Why AgentCore Runtime Exists

Traditional serverless (Lambda) doesn't fit agents:

  • Lambda max execution: 15 minutes — many agent tasks run longer
  • Lambda cold starts interrupt conversational sessions
  • Lambda doesn't maintain in-memory state between tool calls

EC2/ECS/Fargate fits agents but is wasteful:

  • Agents spend 30–70% of session time in I/O wait (LLM calls, tool calls, DB queries)
  • You pay for compute even when nothing runs

AgentCore Runtime solves this: you only pay for CPU cycles actually consumed. During LLM/tool I/O wait, no CPU charge accrues.


Pricing

ResourcePrice
CPU$0.0895 per vCPU-hour
Memory$0.00945 per GB-hour

Billing: per-second increments, minimum 1 second. Only actual CPU consumption and peak memory charged.

Example — a 10-minute agent session that spends 65% time waiting on LLM responses:

  • Effective CPU billing: ~3.5 minutes of actual compute
  • Much cheaper than Fargate at 10 full minutes

Session Lifecycle and Isolation

Each session runs in a dedicated microVM:

Boot → Initialize agent code → Process requests → (idle during I/O) → Terminate

Isolation guarantees:

  • Separate CPU, memory, and filesystem per session
  • After session end: microVM terminated, memory sanitised
  • No cross-session contamination — each user's agent runs in its own VM

This makes AgentCore suitable for multi-tenant AI agents (one VM per user).


Deployment Methods

1. Container-based (for production)

# Build and push your agent as a Docker image
docker build -t my-agent .
aws ecr get-login-password | docker login --username AWS --password-stdin <account>.dkr.ecr.us-east-1.amazonaws.com
docker push <account>.dkr.ecr.us-east-1.amazonaws.com/my-agent:latest

# Deploy to AgentCore Runtime
aws bedrock-agentcore create-agent-runtime \
  --runtime-name my-agent \
  --runtime-artifact containerImage={imageUri=<ecr-uri>}

2. Direct code upload (added November 2025)
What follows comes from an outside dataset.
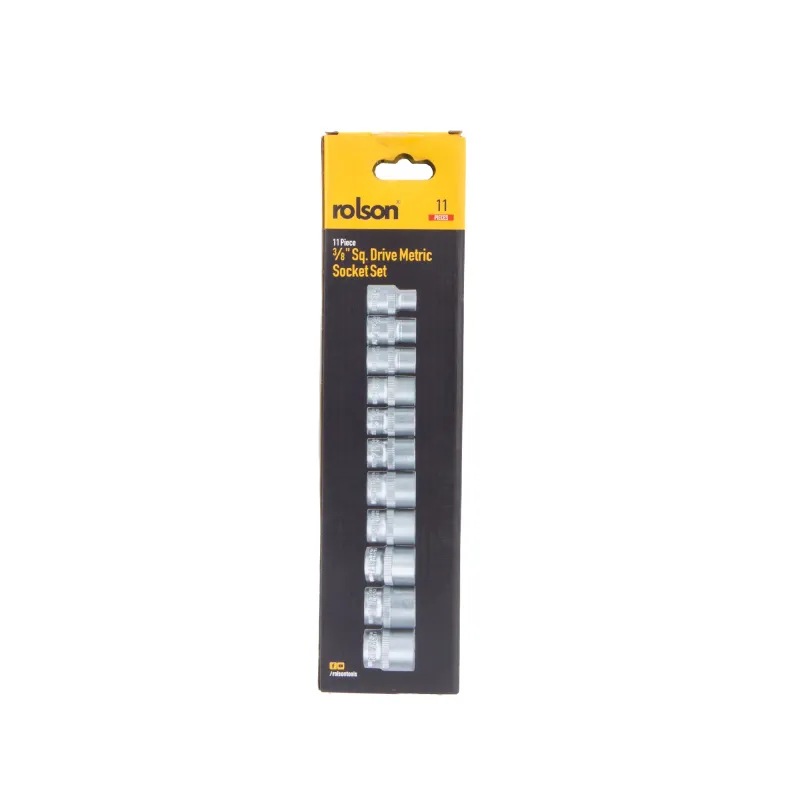 11 Piece ⅜” Sq. Dr. Metric Sockets – CrV steel sockets, hardened and tempered, matt finish, sizes 8, 10, 11, 12, 13, 14, 15, 16, 17, 18, 19mm. Supplied on rail
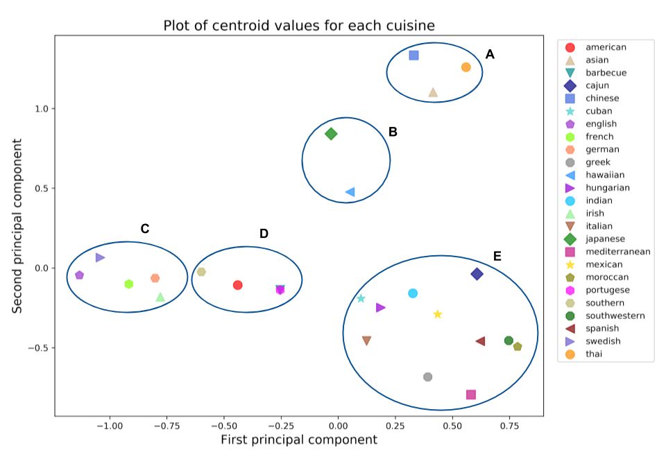 沿着第一、第二主成分的每种不同菜系质心值的图。组(A)与亚洲美食相关,(B)由日本和夏威夷美食组成,(C)和(D)分别是欧洲和美国美食。组(E)是来自世界各地的美食混合,包括古巴,墨西哥,印度和西班牙。

Zip your Python code and upload — no Docker required:

zip -r agent.zip . -x "*.pyc" "__pycache__/*"
aws bedrock-agentcore create-agent-runtime \
  --runtime-name my-agent \
  --runtime-artifact codeArchive={s3Uri=s3://my-bucket/agent.zip}

Best for rapid prototyping and iteration.


Framework Integration: LangGraph

from langgraph.graph import StateGraph, END
from typing import TypedDict

class AgentState(TypedDict):
    messages: list

def build_graph():
    # ... your LangGraph agent
    return graph.compile()

# AgentCore Runtime invokes this as your agent endpoint
# Configure via runtime environment variables
agent = build_graph()

AgentCore Runtime wraps your agent in an HTTP server and manages session routing.
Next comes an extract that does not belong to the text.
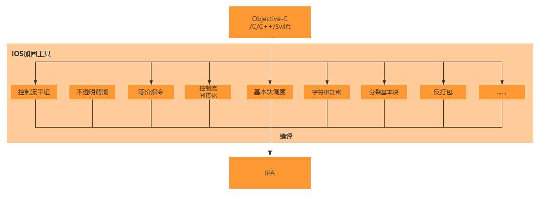 对C/C++/Objective-C代码中函数所对应的基本块进行“分裂”变扁,使其在常用反编译工具中,增加破解者分析难度,有效的保护核心算法的原始逻辑

Framework Integration: Strands Agents

from strands import Agent
from strands.models import BedrockModel

agent = Agent(
    model=BedrockModel(model_id="us.anthropic.claude-sonnet-4-6-20250514-v1:0"),
    system_prompt="You are a DevOps assistant."
)

# Strands agents deploy natively to AgentCore Runtime via the Strands SDK

See agents/strands-agents-sdk — Strands is AWS's own agent SDK and is designed to deploy to AgentCore Runtime.


MCP Server Hosting

AgentCore Runtime can host MCP servers as well as agents. Deploy an MCP server alongside an agent, or make MCP tools available to multiple agents:

# Deploy an MCP server to AgentCore
aws bedrock-agentcore create-agent-runtime \
  --runtime-name my-mcp-server \
  --runtime-artifact codeArchive={s3Uri=s3://my-bucket/mcp-server.zip} \
  --runtime-type MCP_SERVER

Enterprise Features (GA)

All available at GA:

  • VPC integration: deploy agents inside your VPC for private networking
  • AWS PrivateLink: connect to AgentCore endpoints without public internet
  • CloudFormation: provision and manage runtimes as IaC
  • Resource tagging: cost allocation, access control

vs Alternatives

OptionBest forWeakness
AgentCore RuntimeLong-running agents on AWS, multi-tenantAWS vendor lock-in
LambdaShort async tasks (<15 min)No session state, time limit
FargateAlways-on agents, custom networkingPay for idle compute
ModalGPU-heavy agents, Python-firstSmaller ecosystem
Cloud RunGCP-native agentsNo AWS ecosystem integration

Connections

Open Questions

  • How does AgentCore Runtime handle agent checkpointing for very long sessions (>1 hour)?
  • What is the microVM boot latency at session start — does it add cold-start overhead?
  • Can AgentCore Runtime session affinity route the same user to the same microVM across multiple turns?